MultiRobustBench: Benchmarking Robustness Against Multiple Attacks
Dai, Sihui, Mahloujifar, Saeed, Xiang, Chong, Sehwag, Vikash, Chen, Pin-Yu, Mittal, Prateek
The bulk of existing research in defending against adversarial examples focuses on defending against a single (typically bounded Lp-norm) attack, but for a practical setting, machine learning (ML) models should be robust to a wide variety of attacks. In this paper, we present the first unified framework for considering multiple attacks against ML models. Our framework is able to model different levels of learner's knowledge about the test-time adversary, allowing us to model robustness against unforeseen attacks and robustness against unions of attacks. Using our framework, we present the first leaderboard, MultiRobustBench, for benchmarking multiattack evaluation which captures performance across attack types and attack strengths. We evaluate the performance of 16 defended models for robustness against a set of 9 different attack types, including Lp-based threat models, spatial transformations, and color changes, at 20 different attack strengths (180 attacks total). Additionally, we analyze the state of current defenses against multiple attacks. Our analysis shows that while existing defenses have made progress in terms of average robustness across the set of attacks used, robustness against the worst-case attack is still a big open problem as all existing models perform worse than random guessing.

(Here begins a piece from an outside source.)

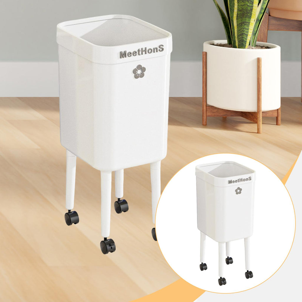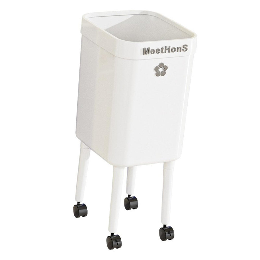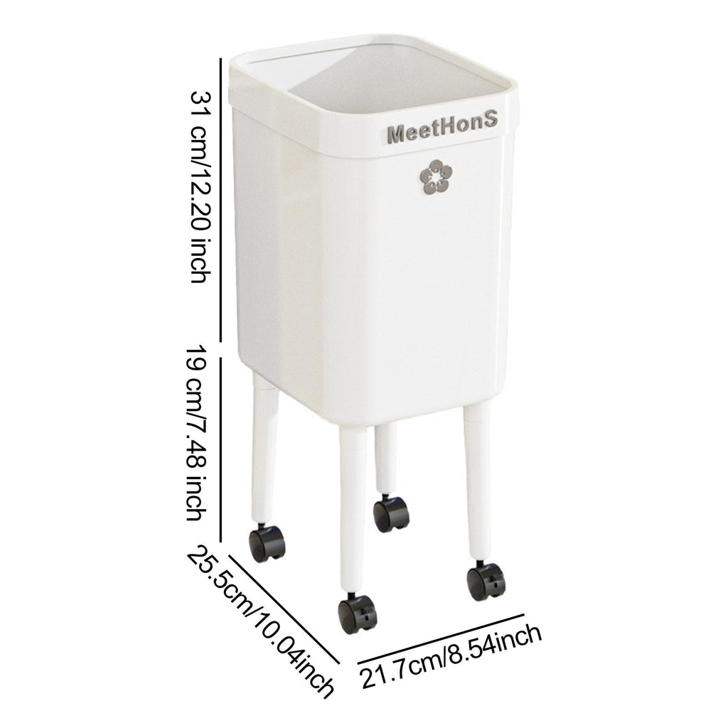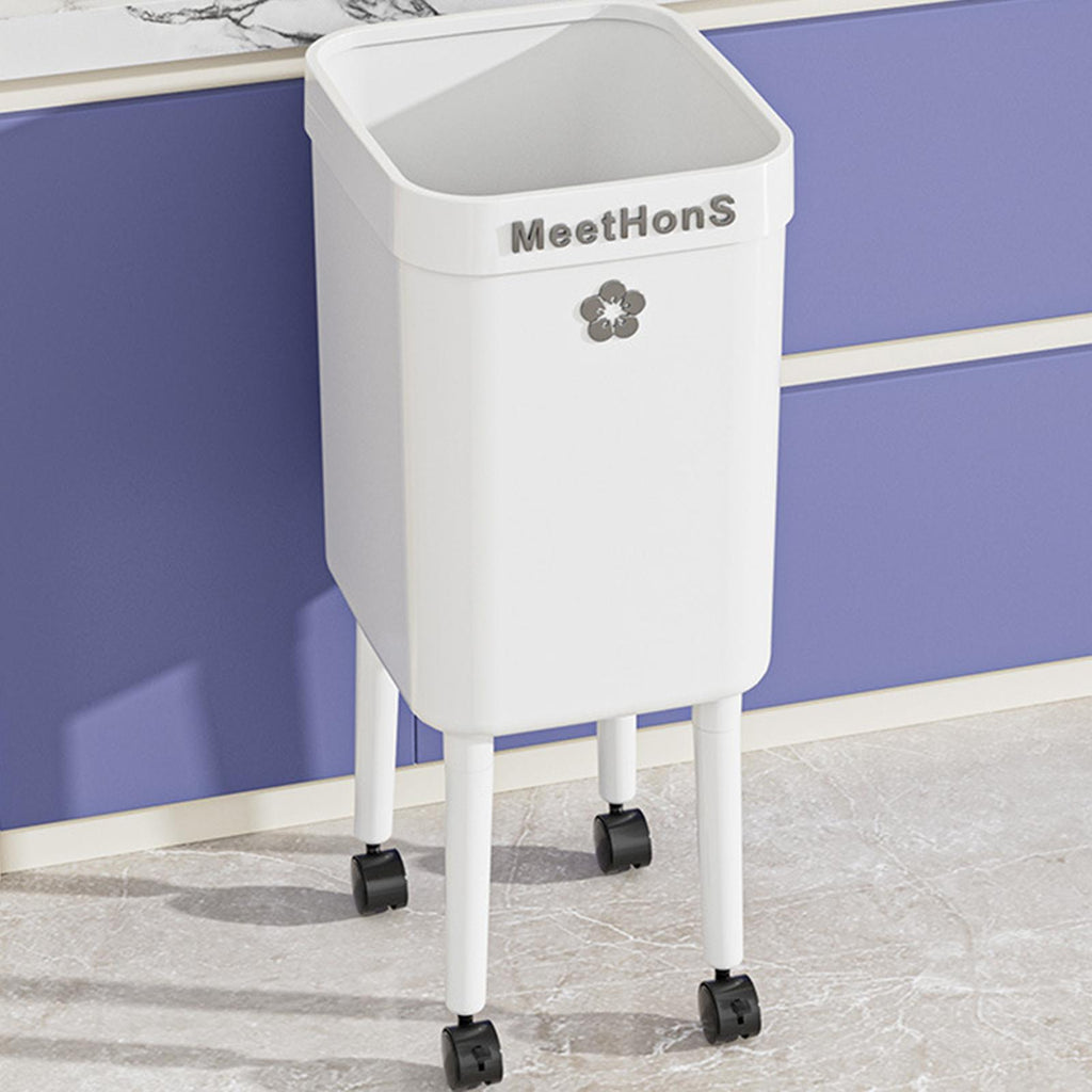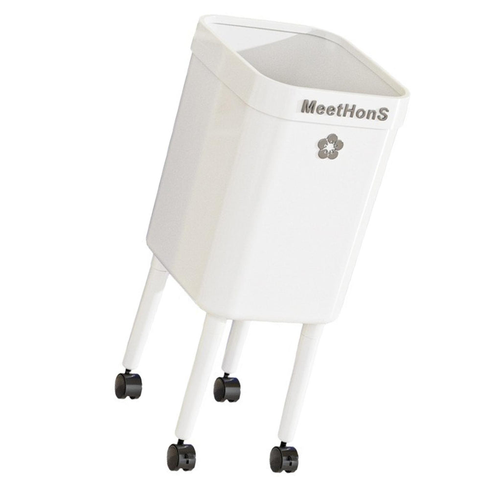 Trash Bin with Wheels High Legs Design Garbage Can for Bathroom Kitchen Home White

PatchGuard: A Provably Robust Defense against Adversarial Patches via Small Receptive Fields and Masking
Xiang, Chong, Bhagoji, Arjun Nitin, Sehwag, Vikash, Mittal, Prateek
Localized adversarial patches aim to induce misclassification in machine learning models by arbitrarily modifying pixels within a restricted region of an image. Such attacks can be realized in the physical world by attaching the adversarial patch to the object to be misclassified, and defending against such attacks is an unsolved/open problem. In this paper, we propose a general defense framework called PatchGuard that can achieve high provable robustness while maintaining high clean accuracy against localized adversarial patches. The cornerstone of PatchGuard involves the use of CNNs with small receptive fields to impose a bound on the number of features corrupted by an adversarial patch. Given a bounded number of corrupted features, the problem of designing an adversarial patch defense reduces to that of designing a secure feature aggregation mechanism. Towards this end, we present our robust masking defense that robustly detects and masks corrupted features to recover the correct prediction. Our extensive evaluation on ImageNet, ImageNette (a 10-class subset of ImageNet), and CIFAR-10 datasets demonstrates that our defense achieves state-of-the-art performance in terms of both provable robust accuracy and clean accuracy.